This is why I wasn’t surprised when journalist Avishay Ben-Haim objected to the agreement. But the penny dropped as far as he’s concerned. If Netanyahu is Dreyfus, Ben-Haim is not his Emile Zola, but rather Herzl. He isn’t “only” the accuser, but the one who builds out of his trial a historical movement that is much bigger than the defendant, i.e., the visionary of the Second Israel.
I won’t forget how he explained that: “In my self-awareness I’m using him: ‘More than Netanyahu used the Second Israel, the Second Israel used Netanyahu.’ In my self-awareness I invented the narrative linking him to the ethnic schism, he wasn’t the one who invented it.”
I think Ben-Haim is right.
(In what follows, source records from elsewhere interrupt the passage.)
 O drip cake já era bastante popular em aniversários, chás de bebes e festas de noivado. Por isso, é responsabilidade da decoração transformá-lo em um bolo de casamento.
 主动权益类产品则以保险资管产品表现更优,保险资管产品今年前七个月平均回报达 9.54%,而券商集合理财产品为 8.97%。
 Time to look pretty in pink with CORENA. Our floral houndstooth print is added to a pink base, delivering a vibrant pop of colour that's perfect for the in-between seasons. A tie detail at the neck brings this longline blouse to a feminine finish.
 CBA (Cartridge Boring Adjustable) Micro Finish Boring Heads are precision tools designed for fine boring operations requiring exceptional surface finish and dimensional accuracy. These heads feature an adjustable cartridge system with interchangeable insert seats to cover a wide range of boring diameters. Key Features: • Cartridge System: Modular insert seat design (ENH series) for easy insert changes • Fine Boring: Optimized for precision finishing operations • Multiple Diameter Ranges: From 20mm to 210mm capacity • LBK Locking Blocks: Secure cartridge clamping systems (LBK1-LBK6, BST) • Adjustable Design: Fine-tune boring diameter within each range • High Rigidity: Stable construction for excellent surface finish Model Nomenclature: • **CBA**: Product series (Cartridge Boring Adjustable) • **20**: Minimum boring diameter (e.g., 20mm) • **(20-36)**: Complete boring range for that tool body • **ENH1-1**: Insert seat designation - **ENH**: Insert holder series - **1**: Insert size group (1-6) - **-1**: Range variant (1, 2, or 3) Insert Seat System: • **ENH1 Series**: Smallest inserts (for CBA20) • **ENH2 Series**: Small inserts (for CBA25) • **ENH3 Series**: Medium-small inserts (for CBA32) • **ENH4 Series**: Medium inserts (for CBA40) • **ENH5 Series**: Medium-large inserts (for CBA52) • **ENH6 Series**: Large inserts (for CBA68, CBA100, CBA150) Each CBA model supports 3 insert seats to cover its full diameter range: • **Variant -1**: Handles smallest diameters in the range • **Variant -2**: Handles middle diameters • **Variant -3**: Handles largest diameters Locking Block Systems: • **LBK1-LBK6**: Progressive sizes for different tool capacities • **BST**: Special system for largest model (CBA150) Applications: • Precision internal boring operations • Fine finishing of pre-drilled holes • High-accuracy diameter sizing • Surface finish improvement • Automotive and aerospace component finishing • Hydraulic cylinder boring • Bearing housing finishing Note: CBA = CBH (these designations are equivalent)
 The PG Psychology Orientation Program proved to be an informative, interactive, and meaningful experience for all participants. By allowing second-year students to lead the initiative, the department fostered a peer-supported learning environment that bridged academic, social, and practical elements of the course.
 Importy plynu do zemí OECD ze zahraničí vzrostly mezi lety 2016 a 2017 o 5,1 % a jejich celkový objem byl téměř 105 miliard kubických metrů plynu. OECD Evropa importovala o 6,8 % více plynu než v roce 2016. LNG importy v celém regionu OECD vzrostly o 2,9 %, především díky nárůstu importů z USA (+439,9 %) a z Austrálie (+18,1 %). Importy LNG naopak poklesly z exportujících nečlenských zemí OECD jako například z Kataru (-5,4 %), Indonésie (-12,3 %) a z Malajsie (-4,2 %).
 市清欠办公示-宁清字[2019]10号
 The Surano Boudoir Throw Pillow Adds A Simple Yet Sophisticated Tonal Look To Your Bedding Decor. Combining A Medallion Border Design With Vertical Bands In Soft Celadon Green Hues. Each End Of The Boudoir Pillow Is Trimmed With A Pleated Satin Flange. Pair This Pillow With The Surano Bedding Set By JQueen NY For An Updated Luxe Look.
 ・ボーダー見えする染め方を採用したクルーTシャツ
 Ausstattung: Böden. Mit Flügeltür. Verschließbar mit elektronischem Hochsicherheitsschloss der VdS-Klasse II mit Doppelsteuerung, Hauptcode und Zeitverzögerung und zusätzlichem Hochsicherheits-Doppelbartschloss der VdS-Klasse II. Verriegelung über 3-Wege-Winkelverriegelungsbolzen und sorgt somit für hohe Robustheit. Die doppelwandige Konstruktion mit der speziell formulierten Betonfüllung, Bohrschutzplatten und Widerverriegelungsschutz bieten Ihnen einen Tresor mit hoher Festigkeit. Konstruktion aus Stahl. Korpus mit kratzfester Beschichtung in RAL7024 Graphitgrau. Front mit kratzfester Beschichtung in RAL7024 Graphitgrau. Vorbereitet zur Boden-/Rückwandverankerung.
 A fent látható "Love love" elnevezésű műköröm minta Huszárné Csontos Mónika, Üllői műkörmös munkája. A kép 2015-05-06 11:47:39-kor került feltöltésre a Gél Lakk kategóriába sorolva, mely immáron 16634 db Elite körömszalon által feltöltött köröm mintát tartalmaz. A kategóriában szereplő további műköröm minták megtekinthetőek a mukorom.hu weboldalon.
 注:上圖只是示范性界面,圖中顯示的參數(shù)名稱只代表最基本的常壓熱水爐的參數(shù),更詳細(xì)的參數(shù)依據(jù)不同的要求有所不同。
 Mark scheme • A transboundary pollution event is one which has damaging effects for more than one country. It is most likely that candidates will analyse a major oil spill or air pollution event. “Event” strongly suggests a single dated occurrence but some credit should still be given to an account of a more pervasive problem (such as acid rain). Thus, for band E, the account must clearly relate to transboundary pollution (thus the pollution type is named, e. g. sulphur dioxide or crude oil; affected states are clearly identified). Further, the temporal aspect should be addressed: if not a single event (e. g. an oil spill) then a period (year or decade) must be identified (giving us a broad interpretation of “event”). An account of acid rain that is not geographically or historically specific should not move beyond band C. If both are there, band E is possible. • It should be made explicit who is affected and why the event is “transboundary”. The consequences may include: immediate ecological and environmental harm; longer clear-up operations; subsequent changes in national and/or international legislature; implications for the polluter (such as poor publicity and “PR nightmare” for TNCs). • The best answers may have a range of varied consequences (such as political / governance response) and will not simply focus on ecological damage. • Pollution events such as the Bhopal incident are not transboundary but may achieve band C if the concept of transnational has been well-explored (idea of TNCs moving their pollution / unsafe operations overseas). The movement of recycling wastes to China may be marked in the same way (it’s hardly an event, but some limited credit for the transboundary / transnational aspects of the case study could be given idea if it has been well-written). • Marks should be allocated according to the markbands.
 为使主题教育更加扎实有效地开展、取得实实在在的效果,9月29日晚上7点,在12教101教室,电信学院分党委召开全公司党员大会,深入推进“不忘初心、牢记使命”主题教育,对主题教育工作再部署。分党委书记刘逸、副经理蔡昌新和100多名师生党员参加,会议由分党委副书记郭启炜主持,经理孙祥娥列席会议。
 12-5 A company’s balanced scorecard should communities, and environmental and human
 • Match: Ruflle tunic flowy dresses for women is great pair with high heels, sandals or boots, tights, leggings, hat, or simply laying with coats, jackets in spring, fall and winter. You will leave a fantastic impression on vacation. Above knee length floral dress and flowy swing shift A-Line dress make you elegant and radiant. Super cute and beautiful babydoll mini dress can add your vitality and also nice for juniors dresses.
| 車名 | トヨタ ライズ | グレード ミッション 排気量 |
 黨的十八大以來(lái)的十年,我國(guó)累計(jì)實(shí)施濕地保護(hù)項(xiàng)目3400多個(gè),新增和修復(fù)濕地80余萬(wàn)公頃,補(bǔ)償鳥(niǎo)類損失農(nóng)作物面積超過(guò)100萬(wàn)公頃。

From a historical perspective, and also thanks to Ben-Haim’s project of reviving the ethnic language, Netanyahu will be remembered as the emancipator of the Second Israel. In all irony – or poetic justice – he may, against his own will and that of the Second Israel, go down in history as the emancipator of the Third Israel (Israeli Arabs) as well.
Will Netanyahu accept his sentence – the sentence of history, not of Avichai Mendelblit – and bleed for the Bibi-ist revolution? He, who wanted to go down in history as Israel’s defender against a Jewish nuclear holocaust, and who let the ethnic genie out of the bottle just to ask him for more votes? Is that what will remain of him in the end?
On the other hand, how can he back down after they’ve already bought his story and invested their entire symbolic capital in it?
Until a few weeks ago I was convinced Netanyahu envied Yitzhak Rabin his heroic death. This is how I understood his repeated complaints about threats on his life. Julius Caesar was stabbed 23 times. Jesus was crucified. Rabin was assassinated. What will become of Netanyahu? He’ll give a few lectures and grow old in Florida? Compete with Elon Musk?
It’s worth thinking twice before coming down from the cross and looking for a lawyer. Netanyahu is liable to destroy the mythical aspect of his life.